Exercise
Taking the data below, please print only the lines from the line holding "The perfect blend" to the line holding "Mit Christian Schuler", inclusive, with pictures omitted.

Data supplied
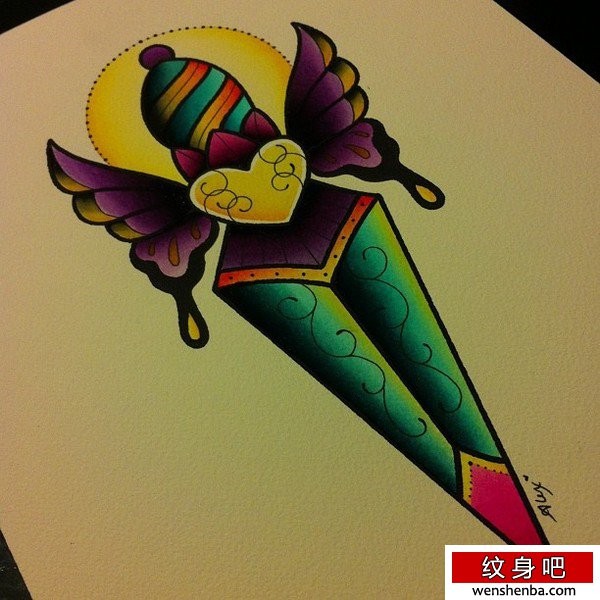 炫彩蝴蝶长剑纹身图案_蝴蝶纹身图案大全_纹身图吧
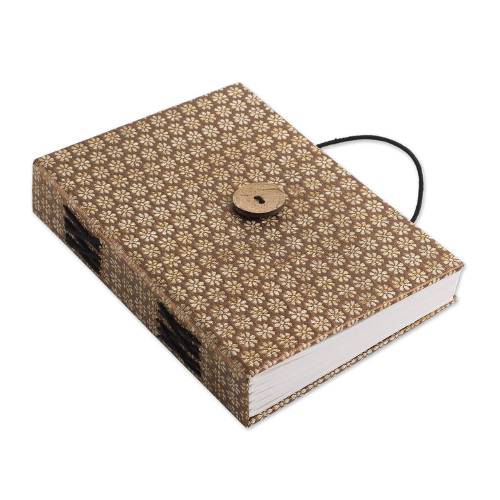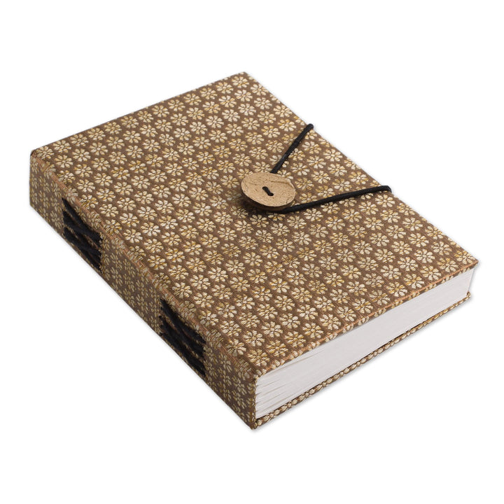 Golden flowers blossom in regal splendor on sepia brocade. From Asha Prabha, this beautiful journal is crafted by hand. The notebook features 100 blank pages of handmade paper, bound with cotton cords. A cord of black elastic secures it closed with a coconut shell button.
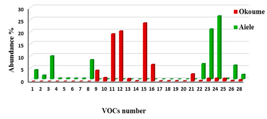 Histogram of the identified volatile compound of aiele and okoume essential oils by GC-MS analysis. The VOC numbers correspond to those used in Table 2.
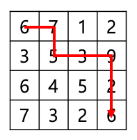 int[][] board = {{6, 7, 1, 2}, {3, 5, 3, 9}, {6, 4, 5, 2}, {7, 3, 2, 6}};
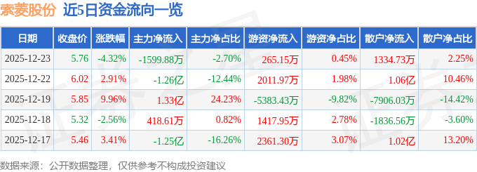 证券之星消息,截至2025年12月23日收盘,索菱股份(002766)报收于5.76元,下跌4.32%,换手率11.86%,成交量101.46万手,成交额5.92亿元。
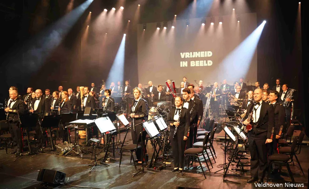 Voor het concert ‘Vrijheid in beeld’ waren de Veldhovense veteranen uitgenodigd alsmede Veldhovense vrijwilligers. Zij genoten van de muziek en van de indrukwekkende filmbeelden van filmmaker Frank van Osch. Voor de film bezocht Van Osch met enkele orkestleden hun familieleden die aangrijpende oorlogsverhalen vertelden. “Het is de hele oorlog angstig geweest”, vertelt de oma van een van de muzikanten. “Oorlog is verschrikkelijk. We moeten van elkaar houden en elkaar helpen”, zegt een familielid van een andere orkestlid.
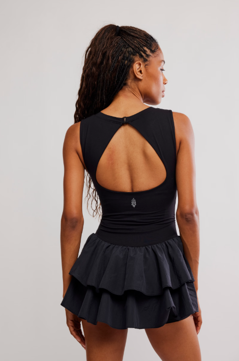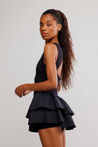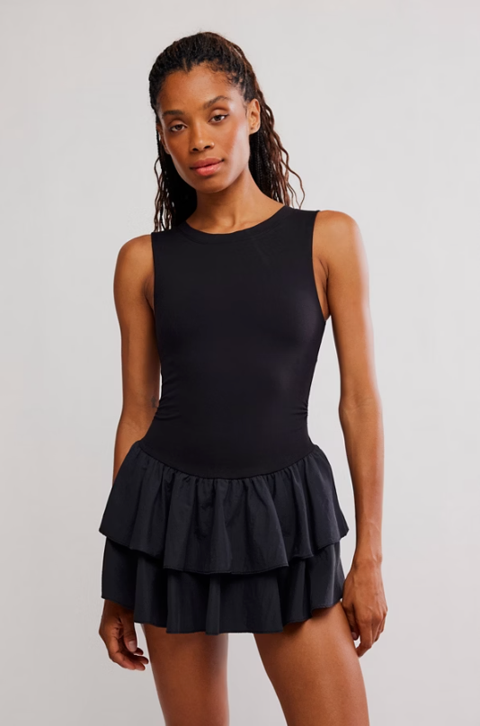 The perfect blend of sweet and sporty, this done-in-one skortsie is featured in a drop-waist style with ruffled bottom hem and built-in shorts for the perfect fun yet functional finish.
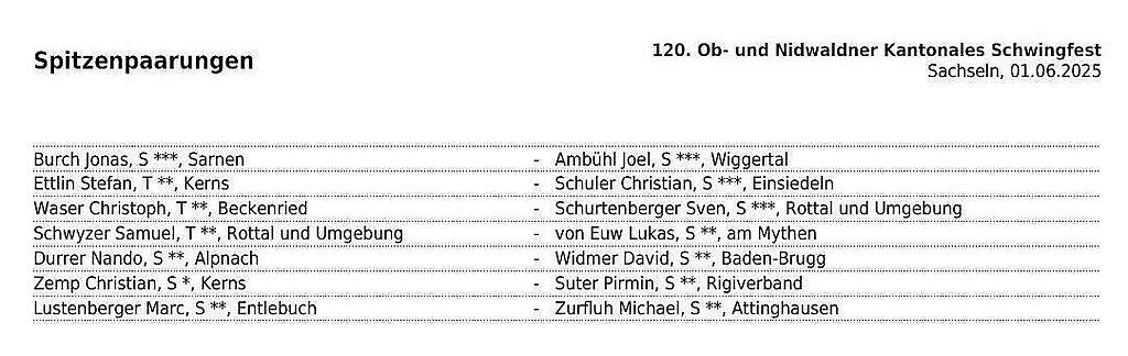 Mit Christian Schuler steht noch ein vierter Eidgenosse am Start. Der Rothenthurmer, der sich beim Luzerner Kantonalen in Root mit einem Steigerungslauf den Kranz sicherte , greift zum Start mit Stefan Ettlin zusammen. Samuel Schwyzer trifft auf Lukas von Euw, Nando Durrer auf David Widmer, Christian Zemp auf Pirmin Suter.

==

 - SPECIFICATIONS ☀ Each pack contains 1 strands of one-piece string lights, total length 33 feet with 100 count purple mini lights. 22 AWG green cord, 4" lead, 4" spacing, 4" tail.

--

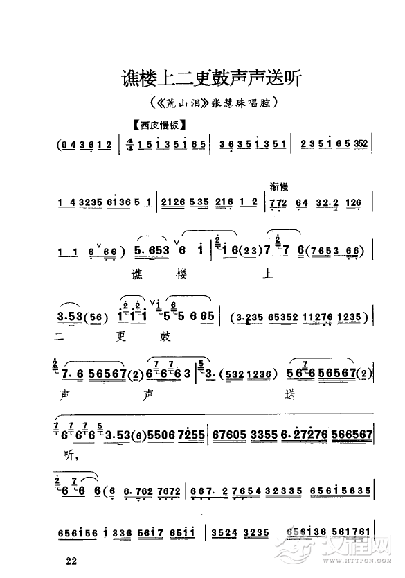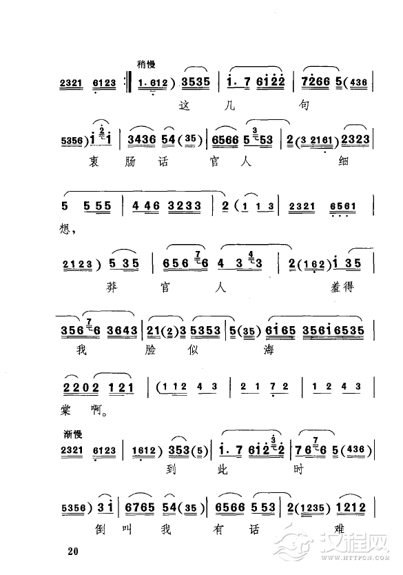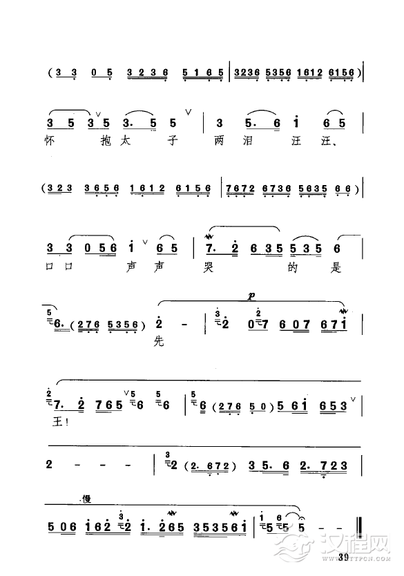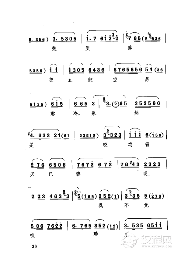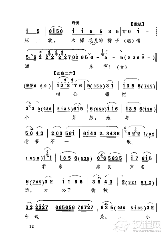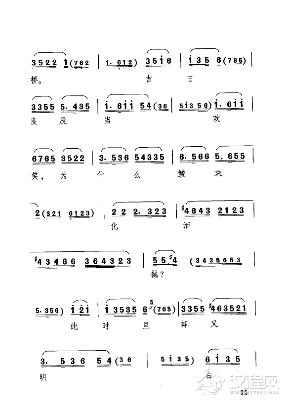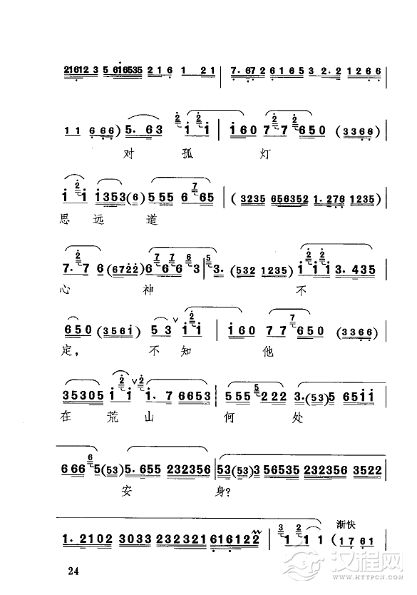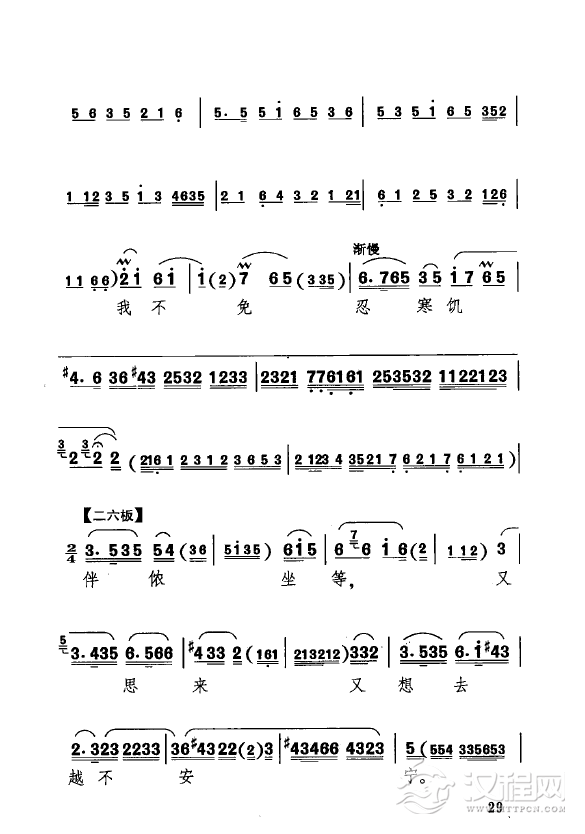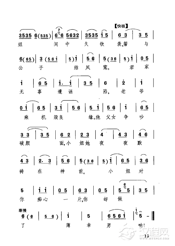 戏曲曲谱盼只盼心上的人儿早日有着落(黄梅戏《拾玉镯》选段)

Result of this task
 The perfect blend of sweet and sporty, this done-in-one skortsie is featured in a drop-waist style with ruffled bottom hem and built-in shorts for the perfect fun yet functional finish.
 Mit Christian Schuler steht noch ein vierter Eidgenosse am Start. Der Rothenthurmer, der sich beim Luzerner Kantonalen in Root mit einem Steigerungslauf den Kranz sicherte , greift zum Start mit Stefan Ettlin zusammen. Samuel Schwyzer trifft auf Lukas von Euw, Nando Durrer auf David Widmer, Christian Zemp auf Pirmin Suter.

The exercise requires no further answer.